Task to complete: The line containing "世界最高峰のホールを作り、コ" and every line after it, through the end of the material: copy these exactly and nothing else, leaving pictures out.

Given records:
========

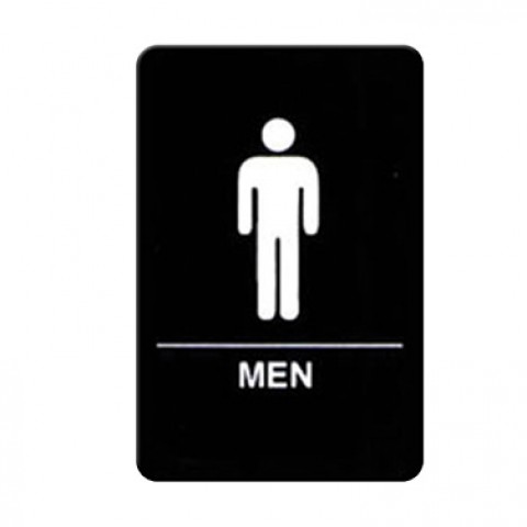Sign, with symbol, 6" x 9"H, braille, "MEN", white imprint on black (Qty Break = 12 each)
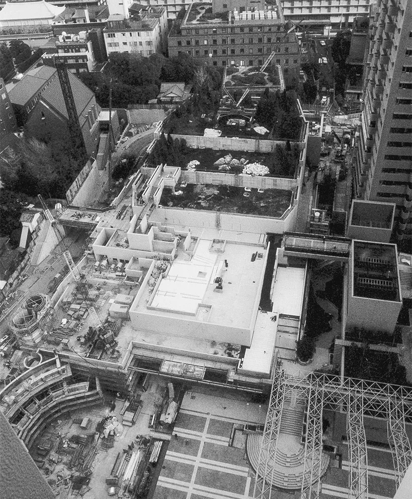 世界最高峰のホールを作り、コンサートを楽しむ文化そのものを広めていきたいーーその夢は、東京都の赤坂・六本木地区再開発計画のなかで、森ビルが構想した大規模複合施設「アークヒルズ」で実現しました。広場(後にアーク・カラヤン広場と命名)を中心に、オフィス棟、住宅棟、ホテルや文化施設が建ち並び、豊かな緑地も備えた、新しいライフスタイルを提案する街。そこで、サントリーが文化施設を作ることになったのです。
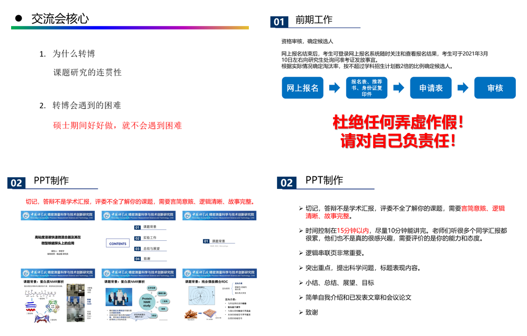 1213日,中国科研实验室精密测量科学与技术创新研究院召开2019级研究生班会暨转博研讨会。本次活动顺利获得线上形式举行,由2019级班委承办,研究生处副处长蔡怡春及相关工作人员参加了活动。
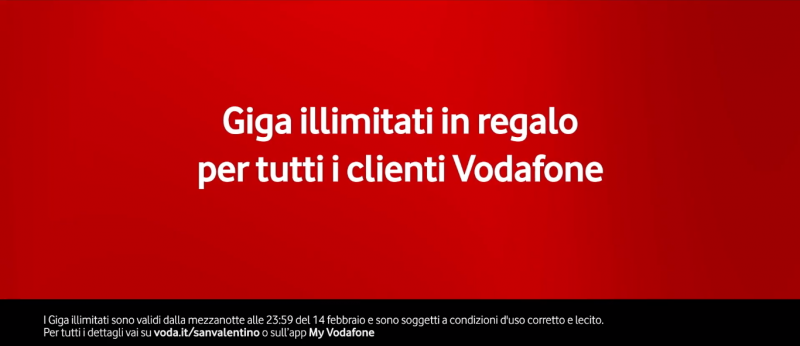 Vodafone, per celebrare San Valentino regalerà, durante tutta la giornata del 14 Febbraio 2019, Giga illimitati a tutti i suoi clienti di rete mobile. Per far conoscere l’iniziativa, l’operatore ha preparato anche un nuovo spot, con protagonista il cantante Fedez, che sarà in onda nelle prossime ore sulle principali emittenti nazionali.
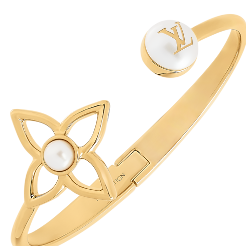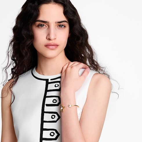 Ce bracelet Pearly Flower associe la signature Monogram emblématique au symbolisme de la perle dans un design glamour. Confectionné en métal doré, il présente une fleur de Monogram ajourée ainsi que deux perles en résine, dont l’une est rehaussée des LV Initiales. Ce bijou d’exception insuffle à chaque tenue un raffinement empreint de féminité.

========

Task result:
 世界最高峰のホールを作り、コンサートを楽しむ文化そのものを広めていきたいーーその夢は、東京都の赤坂・六本木地区再開発計画のなかで、森ビルが構想した大規模複合施設「アークヒルズ」で実現しました。広場(後にアーク・カラヤン広場と命名)を中心に、オフィス棟、住宅棟、ホテルや文化施設が建ち並び、豊かな緑地も備えた、新しいライフスタイルを提案する街。そこで、サントリーが文化施設を作ることになったのです。
 1213日,中国科研实验室精密测量科学与技术创新研究院召开2019级研究生班会暨转博研讨会。本次活动顺利获得线上形式举行,由2019级班委承办,研究生处副处长蔡怡春及相关工作人员参加了活动。
 Vodafone, per celebrare San Valentino regalerà, durante tutta la giornata del 14 Febbraio 2019, Giga illimitati a tutti i suoi clienti di rete mobile. Per far conoscere l’iniziativa, l’operatore ha preparato anche un nuovo spot, con protagonista il cantante Fedez, che sarà in onda nelle prossime ore sulle principali emittenti nazionali.
 Ce bracelet Pearly Flower associe la signature Monogram emblématique au symbolisme de la perle dans un design glamour. Confectionné en métal doré, il présente une fleur de Monogram ajourée ainsi que deux perles en résine, dont l’une est rehaussée des LV Initiales. Ce bijou d’exception insuffle à chaque tenue un raffinement empreint de féminité.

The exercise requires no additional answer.